Exactly how much the sheriffs pocket, however, is unclear.
"Sheriffs deliberately obscure from the public how much money they're making," said Mr. Foster, a leading expert on Louisiana prisons.
A spokeswoman for the state corrections department said she could not respond to the idea that sheriffs profited from housing state inmates.
The sheriff here, Mark Shumate, did not reply to phone calls and messages, but one of his investigators, Brandon Wiltcher, had an explanation for the popularity and pervasiveness of inmate labor here.
"It's just such a shortage of people who will work, or that can work," Mr. Wiltcher said.
This parish, the poorest in Louisiana, lost 20 percent of its free population from 1980 to 2000. The inmate population, however, grew.
Mr. Shumate is a very big man in these precincts of lush green corn, cotton and soybean fields that stretch into a horizon shimmering in the heat. Residents say his inmates cook hamburgers for community get-togethers; they are in the concession stand at children's baseball games; they dig graves, mow roadsides and roof churches.
"They are a constant fixture and presence, at each of these community events," said Danny Terral, who works in his family's farm-supply business. "I daresay I haven't been at a community event where it's not been, those orange shirts."
They build dugouts and tend the athletic fields — free — at Briarfield Academy, a private school here. "They did an excellent job," said the school's principal, Morris Richardson, adding, "We try to provide their lunch for them."
Mr. Wiltcher, of the sheriff's office, said there was nothing wrong with helping out the private school without charge.
"It's not only used at this private school, it's used parishwide," he said of inmate labor. "Since it's used for everyone who needs it, I don't see where there would be a problem with it."
The churches, too, are grateful beneficiaries. "They sent me prisoners for a month" for menial chores at the First Baptist Church, said Reynold Minsky, also chairman of the local levee board. "All completely free," Mr.

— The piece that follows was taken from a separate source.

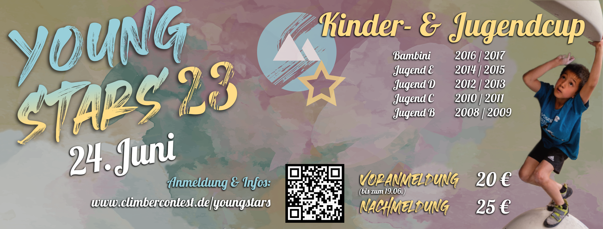 Klein ganz Groß! Boulder Olymp lädt zu seinem Kinder & Jugend Wettkampf ein. Bei Young Stars dreht sich alles um die jungen Wilden. Starten darf jede/r zwischen 6 und 13 Jahren, der/die Spaß am Bouldern hat. Altersklassen: Jugend F 2017/2018 Jugend E 2015/2016 Jugend D 2013/2014 Jugend C 2011/2012 Zeitplan: 10:00 – 11:00 Hallen Öffnung/Anmeldung (danach Anmeldung am Bistro) 11:00 – 11:30 Begrüßung/Wichtige Informationen 11:30 – 14:30 Qualifikation 15:30 – 16:30 Finale Jugend D 17:30 – 18:30 Finale Jugend C im Anschluss – Siegerehrung aller Klassen Ablauf Quali: Jede Altersklasse klettert 15 Boulder von insgesamt 30 geschraubten Qualifikations Boulder, dafür haben sie 3 Stunden Zeit. Für jeden Boulder gibt es 5 Versuche, nach jedem Versuch muss man sich erneut anstellen. Jeder Boulder gibt max. 25 Punkte. Dieses Jahr werden auch einige Special Aufgaben dabei sein, seid gespannt! Ablauf Finale: 6 Teilnehmer der Jugend D/C, männlich/weiblich kommen ins Finale. Dort werden 3 Boulder im Intervall Modus in 5 min geklettert.) Voranmeldung 30€ (bis zum 24.06.) unter https://www.boulderolymp.de/young-stars-24 Frist vorbei? Nicht geschafft sich anzumelden oder spontan entschieden? Am 29.06.24 zwischen 10:00 - 11:00 Uhr könnt ihr euch bei uns vor Ort im Bereich "Nachmeldung" anmelden und die Nachmeldegebühr von 35€ bei uns entrichten.
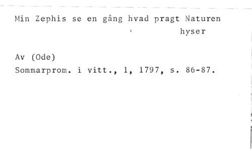 Min Zephis se en gång kvad pragt Naturen //// hyser //// Av (Ode) //// Sommarprom. i vitt., 1, 1797, s. 86-87.

Minsky added. "It's a real good deal. Everybody is tickled."
Many here view the inmates essentially as commodities, who can be returned behind bars after the agricultural season is over, and the need for labor is reduced.
"Good thing about it, wintertime, you can lock them up — put them in cold storage," said Billy Travis, a farmer and police juror, as county commissioners here are known. "I call it deep freeze."
Right on the main road into town, at the base of the levee, up from the Economy Inn and the Scott Tractor Company, the quasi-employment agency behind concertina wire is neither out of sight nor out of mind. At midday, passing motorists can spot its residents, out for a brief exercise spell. "They got D.O.C. mixed in with parish prisoners," another inmate complained, referring to the State Department of Corrections inmates who mingle freely with those who have committed lesser local crimes.
At Lake Providence Country Club one afternoon last week, during a Rotary Club meeting, the talk was of organizing a midsummer fish fry. "I imagine the sheriff can do that," one man called out. "I hear the sheriff does a really good job," another said.
Outside the worn little town, a succession of empty storefronts and others headed that way, inmates can be spotted clearing up the remains of a ruined church off a hot country road, while a deputy lounges in the shade; picking up trash; and clearing undergrowth from roadsides with heavy equipment.
Up the road, toward the Arkansas line, a half-dozen or so are at work in the stifling production-line room of the small pepper-sauce plant, sweating alongside the free laborers. Another is fixing up a house next door that Mr. Brown bought to rent out.
The factory owner sings his praises, calling him reliable, trustworthy, honest. The inmate, Roy Hebert — he says he is in for forgery — beams. "Mr. Brown, he takes care of me," Mr. Hebert said.